Ce dimanche au stade Pater de Pirae sous une chaleur étouffante, Anthony et l’ASM Belfort tenteront de poursuivre l’aventure et d’écrire une fois encore le début d’une belle épopée…
Il est temps maintenant de clôturer le chapitre du passé mais le livre n’en est qu’à son début… « Je n’ai pas de revanche à prendre ou de regret sur mon passé mais je suis très ambitieux pour la suite de ma carrière et je ne me fixe aucune de limite. »
Anthony Hacquard, du tac au tac – le joueur
« Maurice Goldman trouvait toujours les bons mots »
Meilleur souvenir sportif ?
Il y en a beaucoup mais je dirais le match à la Meinau, à Strasbourg, avec Belfort, en National : nous étions 2es et nous avons affronté le Racing qui était leader, devant plus de 20 000 personnes. C’était le jour de mes 30 ans, dommage que nous nous soyons inclinés.
Pire souvenir sportif ?
Un ¼ de finale de coupe Gambardella avec les U18 de Sochaux face au Lyon de Benzema et Ben Arfa un mercredi après-midi dans un stade Blum de Montbéliard comble. Malgré un super match nous nous inclinons 2 à 1. Cela aurait pu être un super souvenir mais finalement ce sont de gros regrets.

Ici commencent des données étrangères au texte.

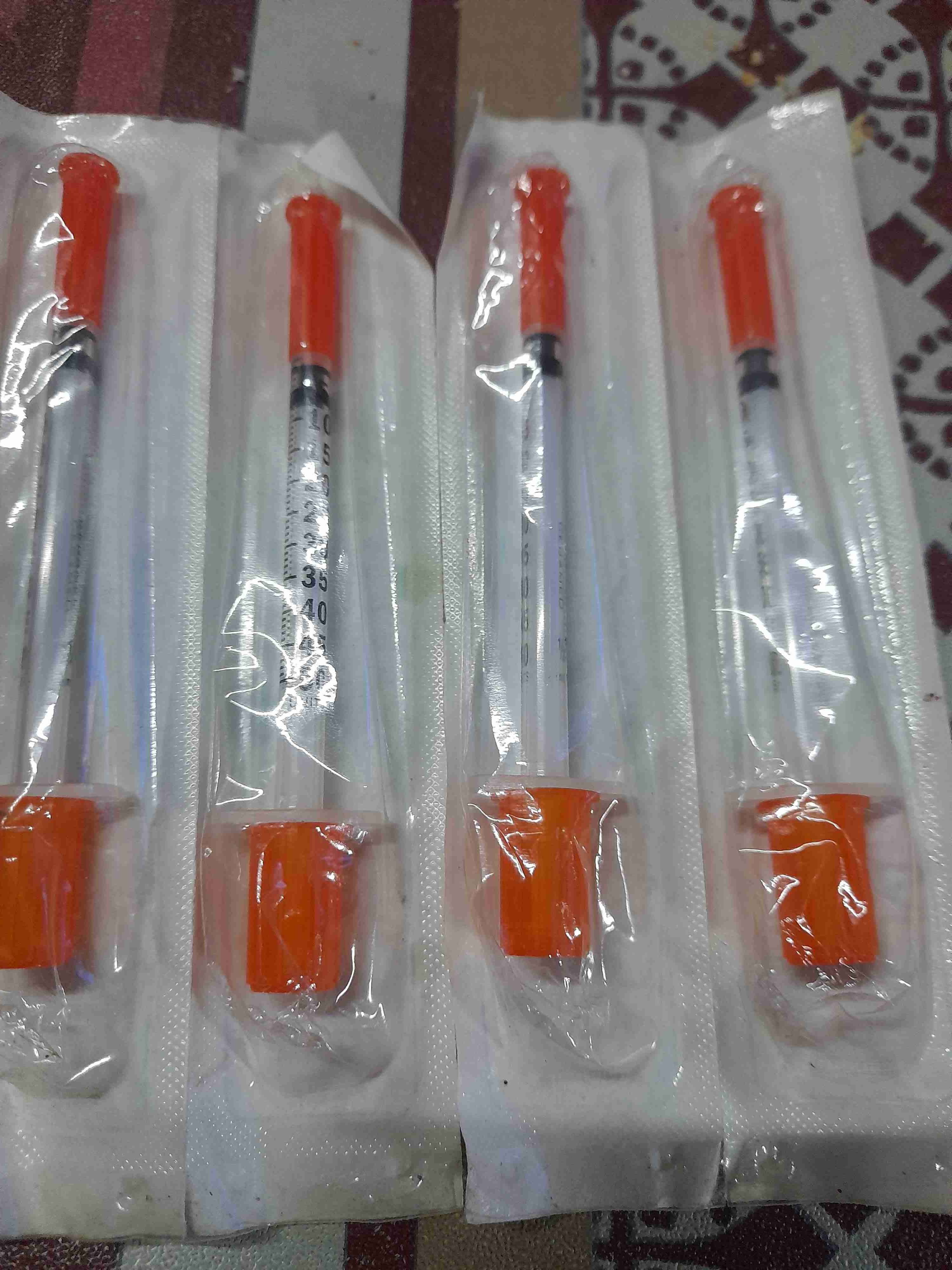 Jeringas de plástico con agujas integradas y tapa naranja. Sin uso y en empaque original. 50mm
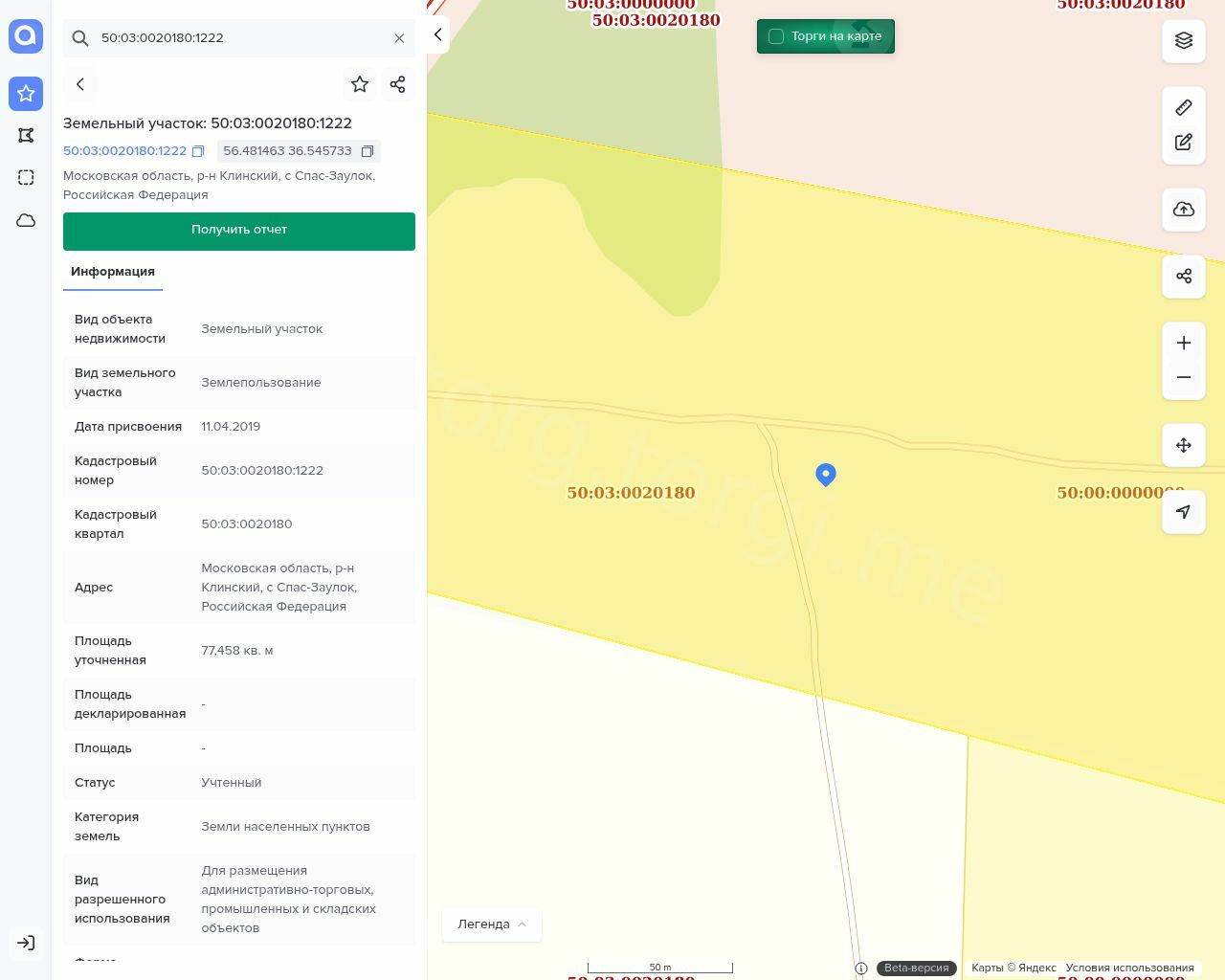 Земельный участок, категория земель: земли населенных пунктов, общая площадь 77 458 +/-97 кв.м., кадастровый номер: 50:03:0020180:1222.

L’équipe dans laquelle tu as pris le plus plaisir à jouer ?
La première année avec Raon, nous avions une très belle équipe et au milieu de terrain, nous avions une belle complémentarité avec Romain Chouleur. Le coach Richard Déziré avait une philosophie de jeu très joueuse.
Le club dans lequel tu aurais pu signer ?
Je devais signer pro à Neuchatel-Xamax en D1 Suisse mais le club a changé de direction et peu de temps après ils ont déposé le bilan.
Le stade où tu as préféré jouer ?
En 2003 j’ai eu la chance de pouvoir joueur au stade de France avec les U16 de Sochaux en lever de rideau de la finale de la coupe de la ligue Sochaux – Monaco.
Le coéquipier qui t’a le plus impressionné ?
Mevlut Erding, coéquipier au centre de formation de Sochaux. En arrivant, il était déjà très puissant mais il avait beaucoup de lacunes techniques. Il était impressionnant de répétition de travail, notamment sur les gammes.
Un coach marquant ?
Philippe Anziani, un excellent formateur que j’ai eu à Sochaux de 15 ans à la CFA.
Une causerie marquante ?
Ce n’est pas une causerie en particulier mais plutôt l’ensemble des causeries de Maurice Goldman. Il était très fort sur le côté émotionnel, il trouvait toujours les bons mots. Il ne jouait pas un rôle, c’était naturel chez lui.
Une anecdote de vestiaire ?
En 2014, je me blesse aux ligaments croisés du genou dès le début de saison mais je suis resté très proche de mes coéquipiers. Lors de chaque match à domicile, le coach Maurice Goldman me consultait à la mi-temps pour que je lui donne mon ressenti du match.
Anthony Hacquard, du tac au tac – le coach
« 20 000 personnes à Bonal qui chantent Merci Belfort, c’est beau ! »
Meilleur souvenir sportif ?
L’épopée en coupe de France avec le ¼ de finale dans un stade Bonal à Guichet fermé. 20 000 personnes qui chantent « Merci Belfort » en fin de match c’était très beau.
Pire souvenir sportif ?
La saison dernière, une élimination en coupe de France sans gloire à Jura-Lac face à une équipe de R1. Je n’avais pas fait les bons choix sportifs.
Le club que tu rêverais d’entrainer ?
Pas de club en particulier mais j’ai une grosse envie de passer mon diplôme pour entraîner au niveau professionnel et ensuite voir les opportunités. Et pourquoi pas retrouver le National avec Belfort.
Meilleur joueur entrainé ?
Mamadou Magassouba, un joueur à l’état d’esprit exemplaire qui a énormément progressé chez nous, en N2, ce qui lui a permis de jouer ensuite en National à Bastia Borgo.
Ta philosophie de jeu, c’est plutôt Pep Guardiola ou Diego Simeone ?
Je suis plutôt un adepte de Guardiola mais il faut rester pragmatique par rapport au niveau de jeu et à la qualité des joueurs.
Tes passions en dehors du foot ?
Depuis quelques temps, je joue au golf. C’est très intéressant car ça permet de penser à autre chose et ça demande beaucoup de concentration.